The earlier you teach your children the importance of saving on a regular basis, the sooner they will learn about money, finances, establishing credit, and setting goals for their future.

 

Most banks and credit unions offer to your children financial programs that make saving an interesting and fun activity, such as the popular savings safari program for kids age 12 and under, but there are many other programs under the same concept.

 

A saving safari account basically includes the kid's official membership card, a guide map of savings deposits, a safari scout certificate, a birthday card, contest to enter and online activities, besides the information on money management and other promotions that vary from institution to institution.

 

The purpose of savings safari accounts is to encourage children's saving habit, and reward them somehow. A saving safari account holder is called savings safari scout, and every time the scouts makes a deposit into their accounts, they earn a stamp for their "Safari Map". The minimum amount to save ranges between $1 and $5. Overtime children can redeem the collected stamps for safari stuff or prizes.

 

Good habits should start early in life and the development of children's money management skills is critical to their future. In fact, there are preschooler’s spending and saving programs, teaching children about money long before they enter school, by observing adults using money and buying things. Obviously, parents must be aware of their own spending and saving habits to help their children learn.

 

Because everything children see affects their attitudes about what money is for, parents must not only observe good habits, but also teach them basic lessons about money to avoid them being mislead by what they watch on TV. Preschoolers may understand the message and may not, but they will be better prepared to understand it later in life.

 

Many banks offer preschooler educational programs at no charge and intended to help parents teach their children how money works, what it can do, and how their family uses money. Those programs consist of simply activities to teach children not to lose money, wait before spending it, learn to earn it, help them to manage it, etc…

 

Many children like to gather pennies, nickels, dimes and quarters because they find pleasure in counting money. These children are usually the best candidates for a regular savings account because there is no minimum age at which these accounts can be opened.
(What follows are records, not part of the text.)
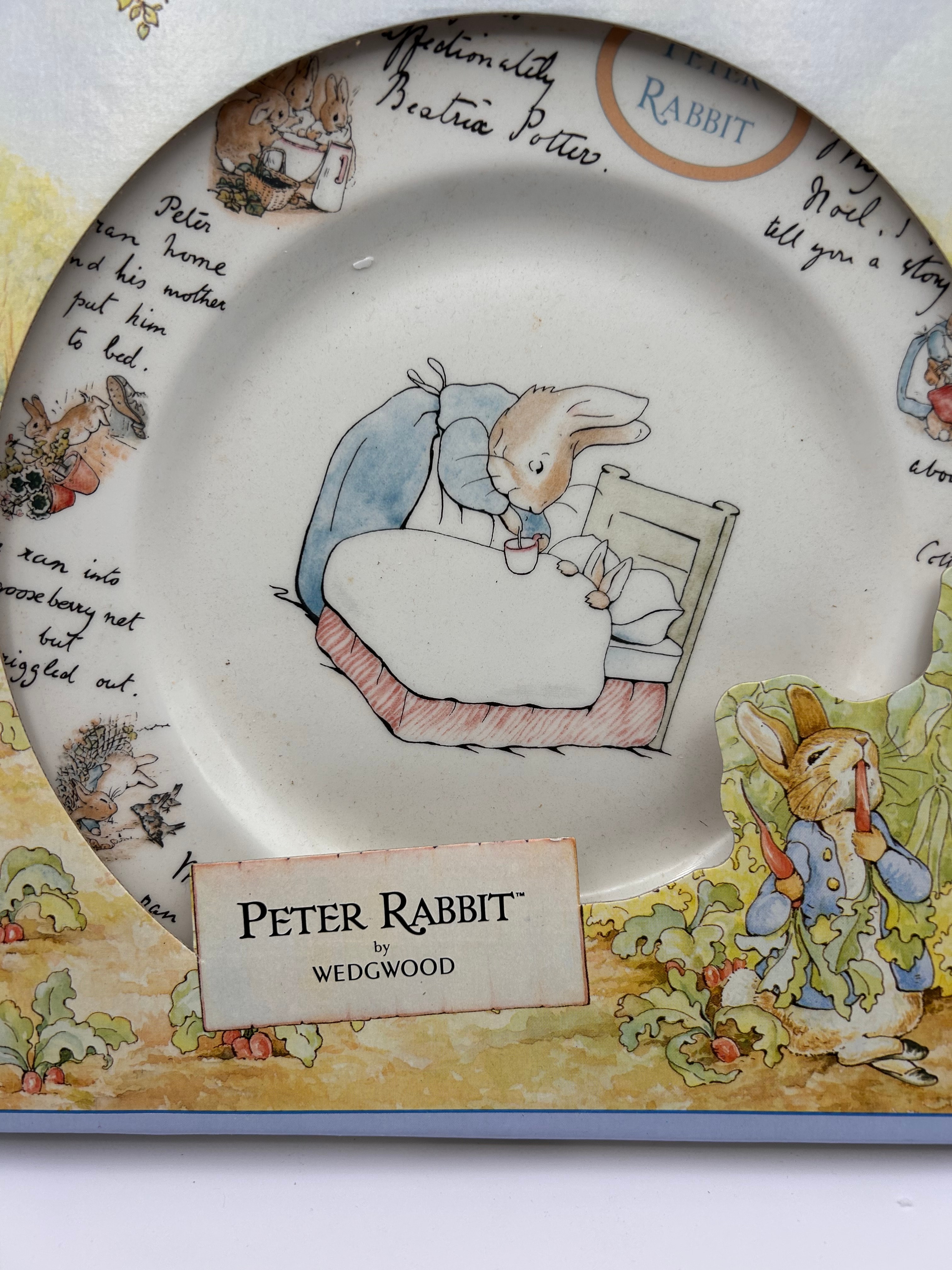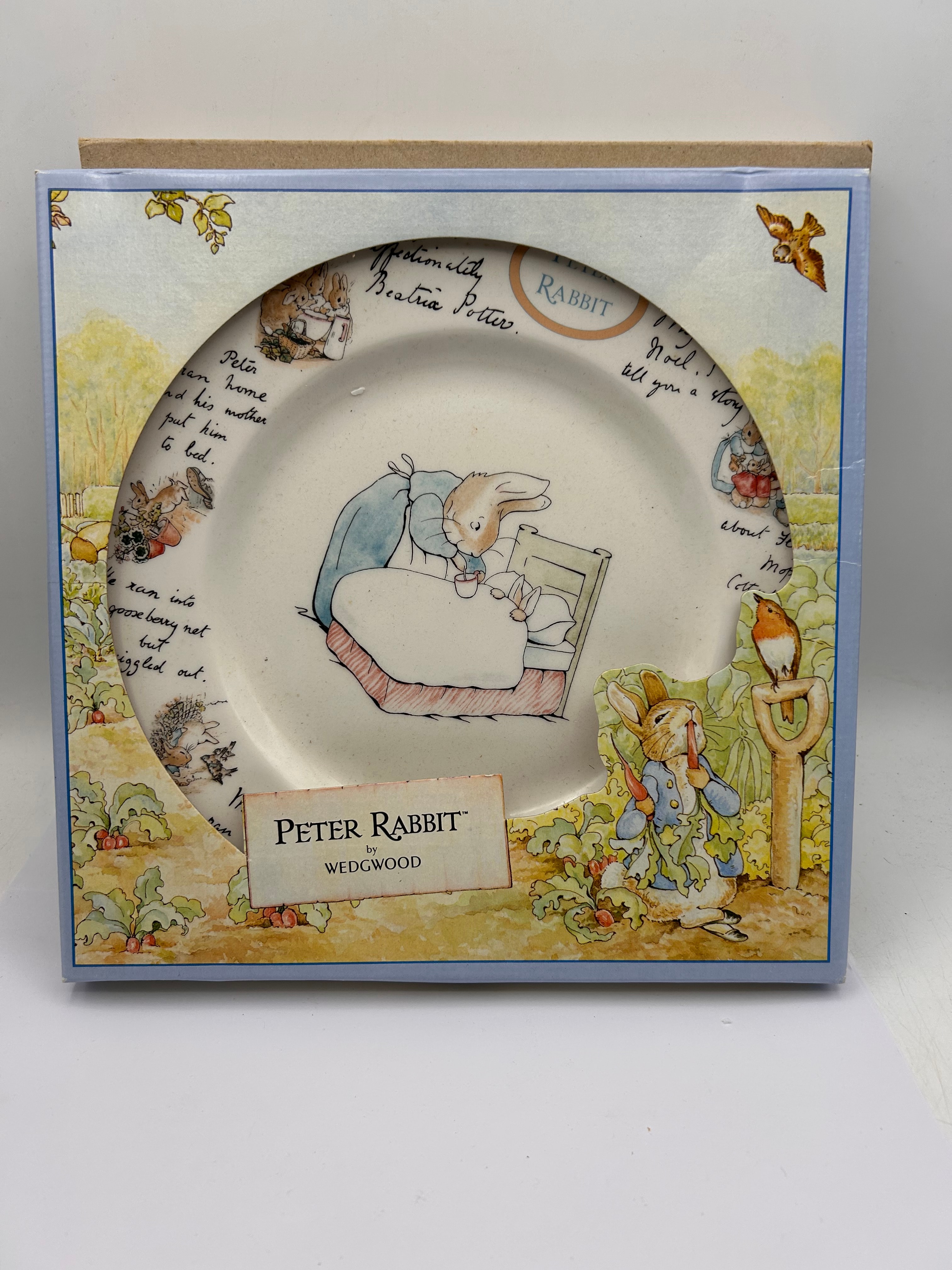 A Peter Rabbit by WEDGWOOD porcelain cake plate, produced by Frederick Warne. The plate features illustrations from Beatrix Potter’s “Peter Rabbit,” with a central image depicting a rabbit in bed being tended to. The rim includes additional character illustrations and handwritten-style text excerpts from the story, such as “Peter ran home,” “his mother put him to bed,” “ran into gooseberry net,” and “wiggled out.” The item is presented in its original cardboard box, which, along with the plate’s insert, identifies the item as “PETER RABBIT™ by WEDGWOOD,” with “affectionately Beatrix Potter” also visible on the box.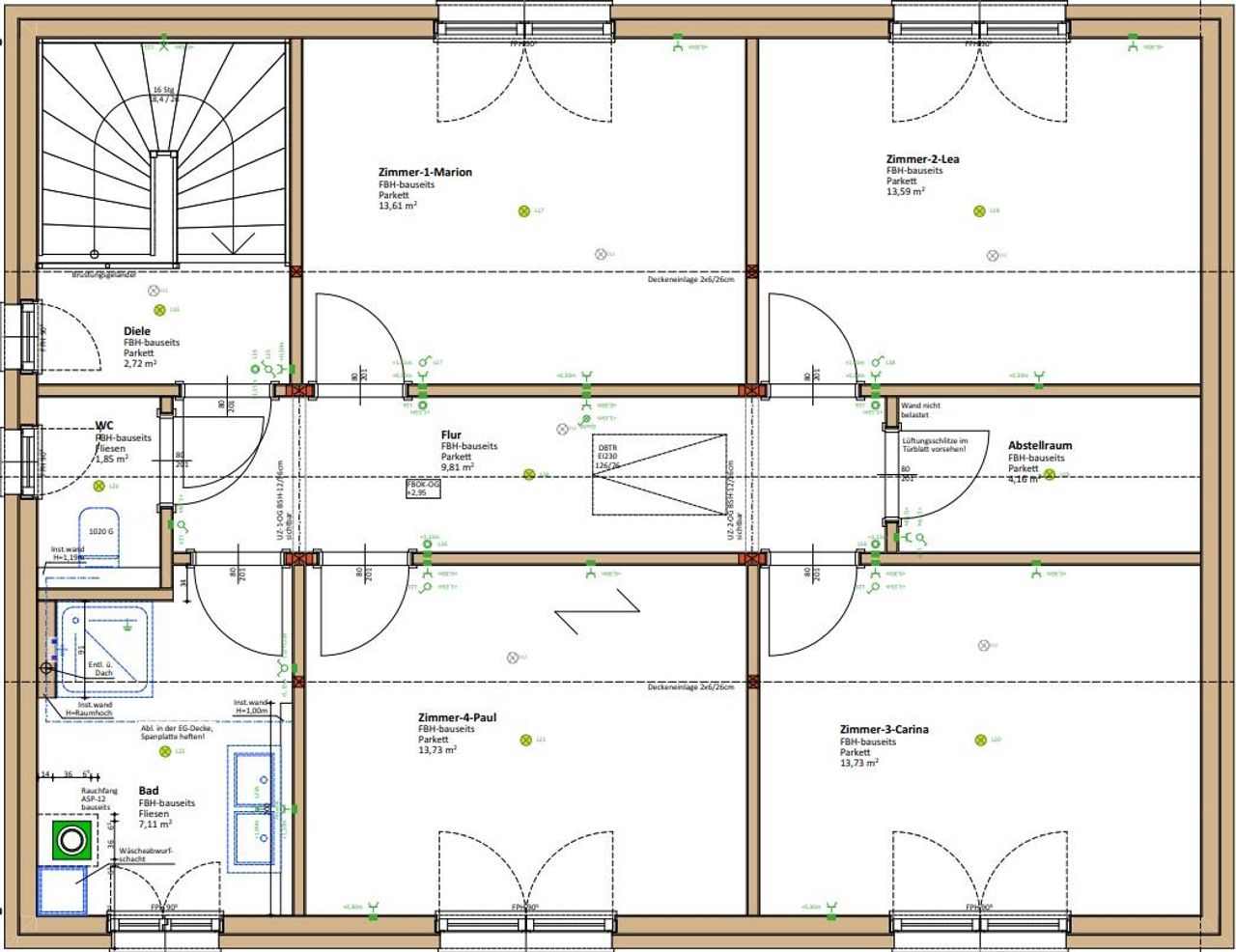 Jedes Geschoss verfügt über ein eigenes Badezimmer und insgesamt gibt es 3 WC´s.
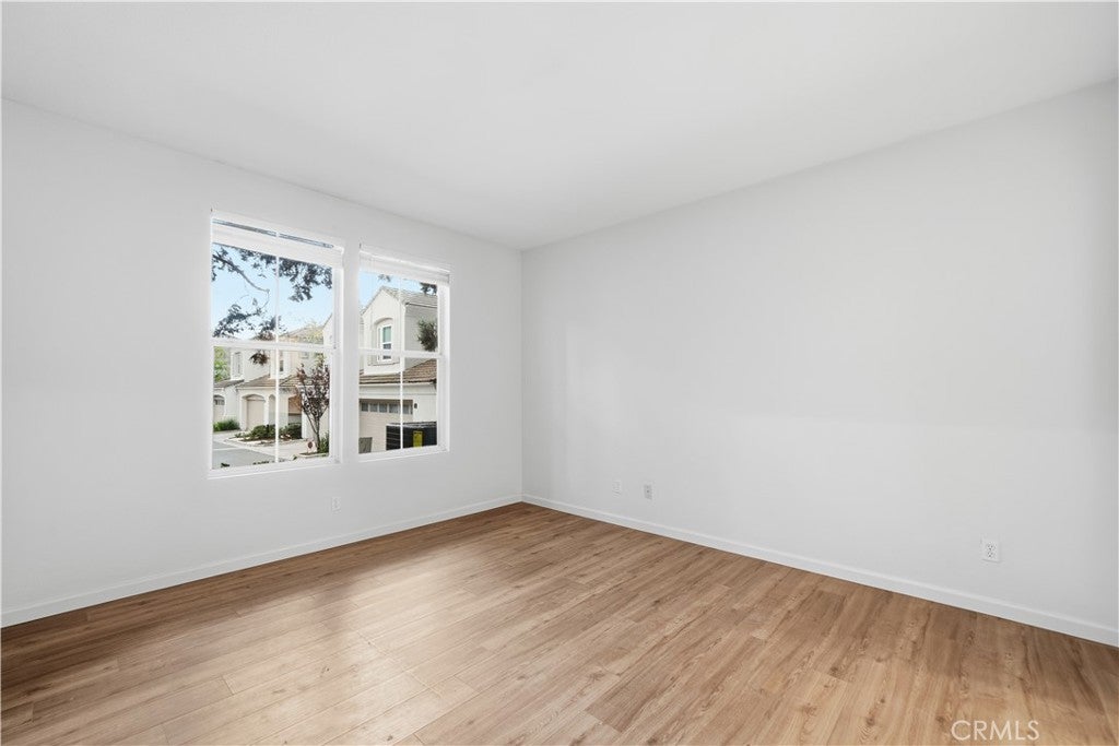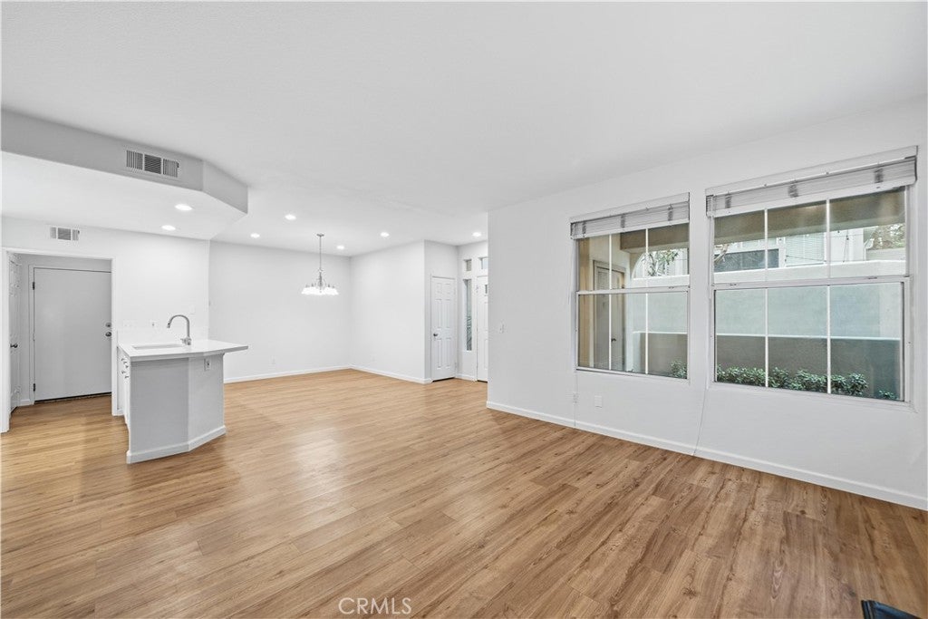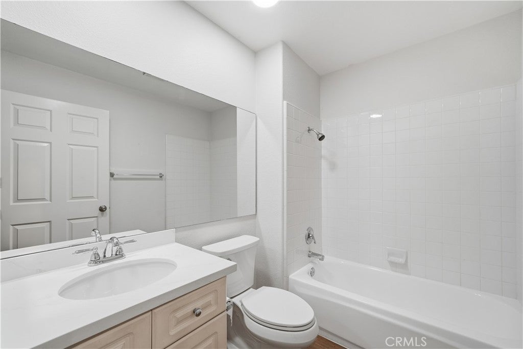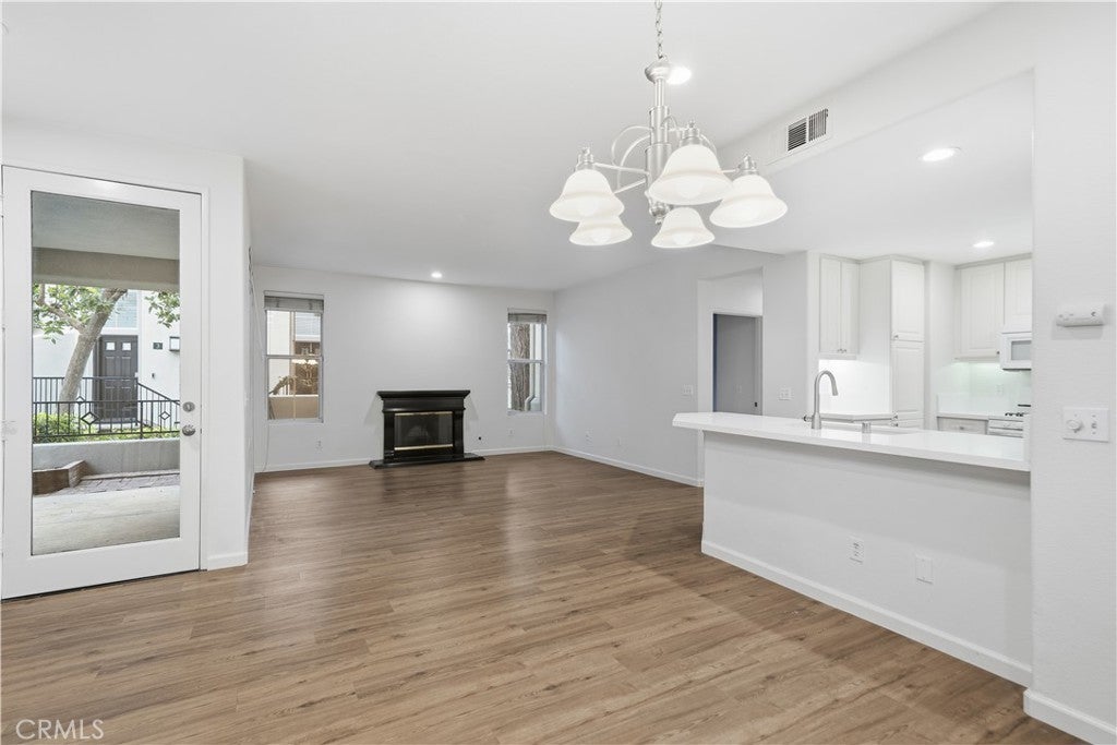 Welcome to this beautifully updated and light-filled end unit in the desirable La Mirage community. Featuring an open, bright floorplan, this turnkey home showcases updated luxury vinyl laminate flooring throughout, recessed lighting in all main living areas, and window blinds with mirrored closet doors for a clean, cohesive finish. Community-wide PEX repiping has been completed. The inviting living and dining spaces flow seamlessly into the updated kitchen, complete with brand-new quartz countertops, modern fixtures, and a large sink that blend style and functionality. Just off the main living area, a large, tranquil covered patio extends the living space outdoors, surprisingly private for the community and ideal for relaxing, unwinding, or entertaining.. Both bathrooms have been thoughtfully updated. The hall bath features a new quartz countertop, recessed lighting, a large mirror, and updated fixtures. The spacious primary suite offers recessed lighting, a generous walk-in closet, and an updated vanity with dual sinks, quartz countertop, modern fixtures, a large mirror, and a separate water closet for added privacy. As an end unit, this home enjoys extra privacy and a more open, spacious feel compared to interior units, with plenty of guest parking just steps from the front door. Residents of La Mirage enjoy resort-style amenities including a pool, spa, BBQ areas, lighted tennis court, and clubhouse, with trash service included. Ideally located near award-winning schools, the peaceful and picturesque Soka University campus, scenic hiking and biking trails, and the shopping, dining, and entertainment of Aliso Viejo Town Center, this home offers comfortable, low-maintenance living in a well-located and desirable Aliso Viejo community.
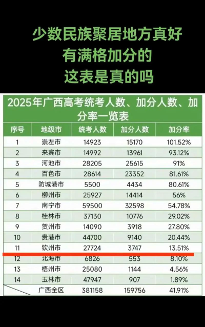 对融水、三江、龙胜、恭城、隆林、富川、罗城、环江、巴马、都安、大化、金秀、资源、凌云、西林、防城港市防城区、东兴市、靖西、那坡、凭祥、大新、宁明、龙州、德保、扶绥、崇左市江州区、天等、上思等28个民族自治县(含享受民族自治县同等待遇县)和边境县(含享受边境县同等待遇县)的少数民族考生,总分加15分。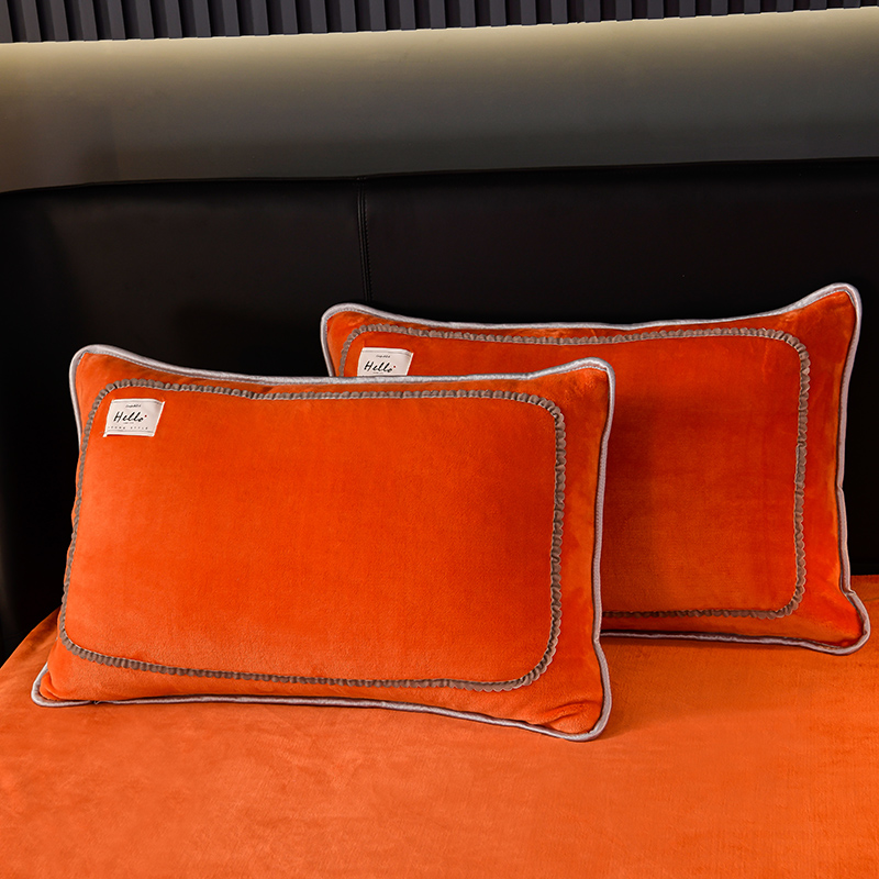 畅畅家纺 2023新款纯色8.5斤9斤牛奶绒法莱绒宝宝金貂绒四件套 桔色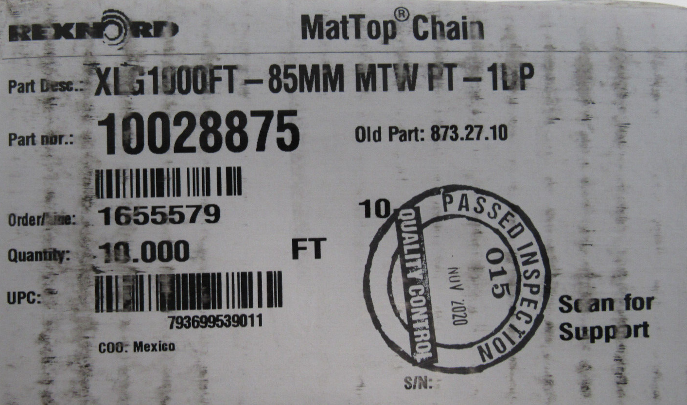 NEW REXNORD 10028875 TABLETOP CHAIN XLG1000FT-85MM MTW 10FT$120.00 Only 2 left in stock NEW REXNORD 10028875 TABLETOP CHAIN XLG1000FT-85MM MTW 10FT quantity Add to cart SKU: 196197220218 Category: Other Description Additional information Description NEW REXNORD 10028875 TABLETOP CHAIN XLG1000FT-85MM MTW 10FT B3/48 BB Additional information Weight 5.00 lbs Brand REXNORD MPN 10028875 We Buy New and Used Surplus Inventory - Sell to Us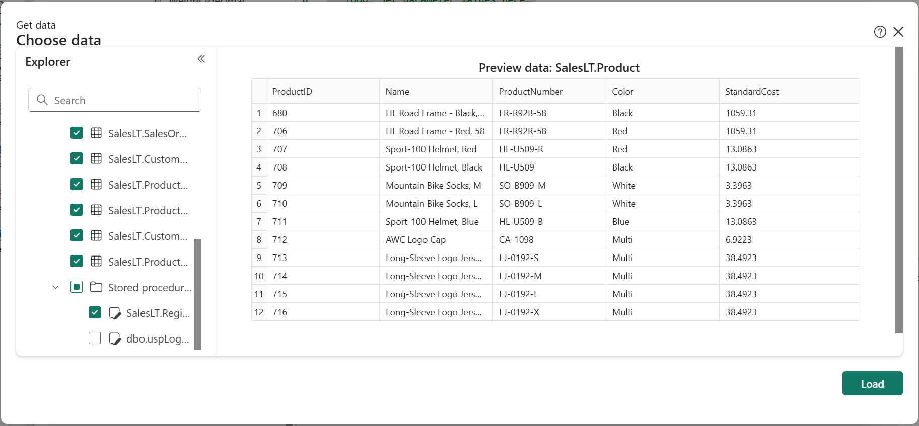 接下来,选择数据库中的 SalesLT 表和刚刚创建的存储过程,然后单击“ 加载:
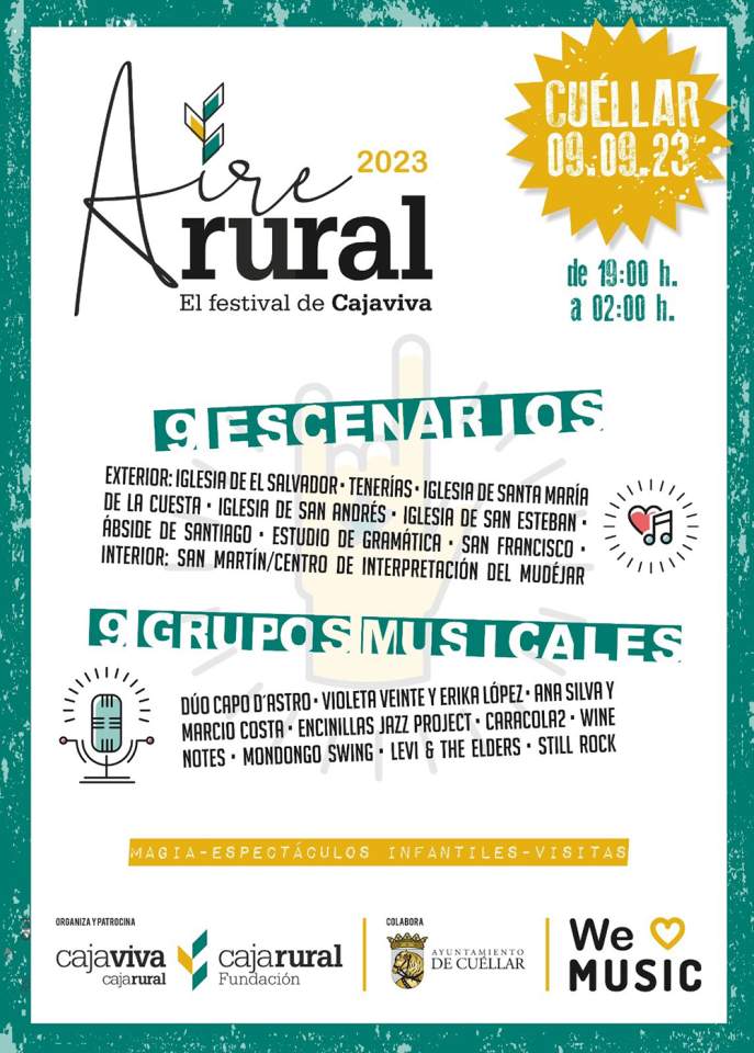 El 9 de septiembre, Cuéllar se llenará de cultura en la calle con la llegada de Aire Rural, el festival de Cajaviva Caja Rural.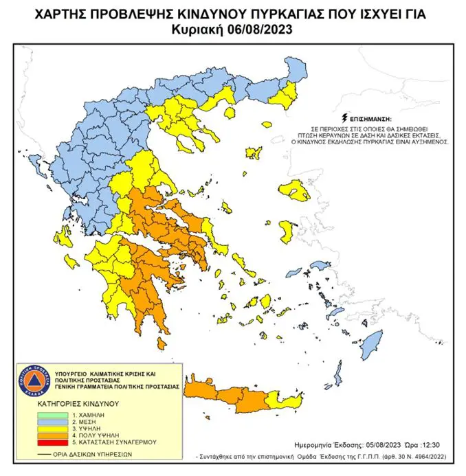 Σύμφωνα με το χάρτη πρόβλεψης κινδύνου πυρκαγιάς που εκδίδει η Γενική Γραμματεία Πολιτικής Προστασίας του Υπουργείου Κλιματικής Κρίσης & Πολιτικής Προστασίας (www.civilprotection.gr), πολύ υψηλός κίνδυνος να ξεσπάσει φωτιά (κατηγορία κινδύνου 4) προβλέπεται για 6 περιφέρειες αύριο Κυριακή (6.8.2023).

Although most banks offer children's saving accounts, they generally require an adult to run them until the kid reaches age 11.

 

Children's savings accounts usually can be maintained until the age of 18; however, parents must analyze the different offers because of the interest rates, some of them as low as 0.1%. Like any other bank account, the adult is in charge and can switch to a better deal if the children's account rate drops.

 

Like safari accounts, children usually receive gifts when the account is opened, but in this case, those gifts vary according to their age, from teddy bears, toys or piggy banks for younger children to CDs or vouchers for teens. To help you manage your children's money, many banks limit the number of withdrawals per year, or require advance warning as the goal is save.

 

Another children's saving option is investing in bonds, which usually offers a higher or fixed rate of interest. Bonds tie money up for a minimum period of at least three years on average, and they can be run until children reach a determine age between 7 and 18 years old. Like regular savings accounts, bonds must be taken under adult supervision.

 

Children who develop the ability to manage money and show responsibility maintaining their spending and saving under control can receive a checking account and/or a debit card at a later time. This transition often occurs during the early teen years, but can be as soon as they turn age 10.

 

Most banks offer student checking accounts to help a student with their expenses before high school, learning how to budget and manage their own funds, at the time that they begin their preparation toward future applications for loans or credit during their college years.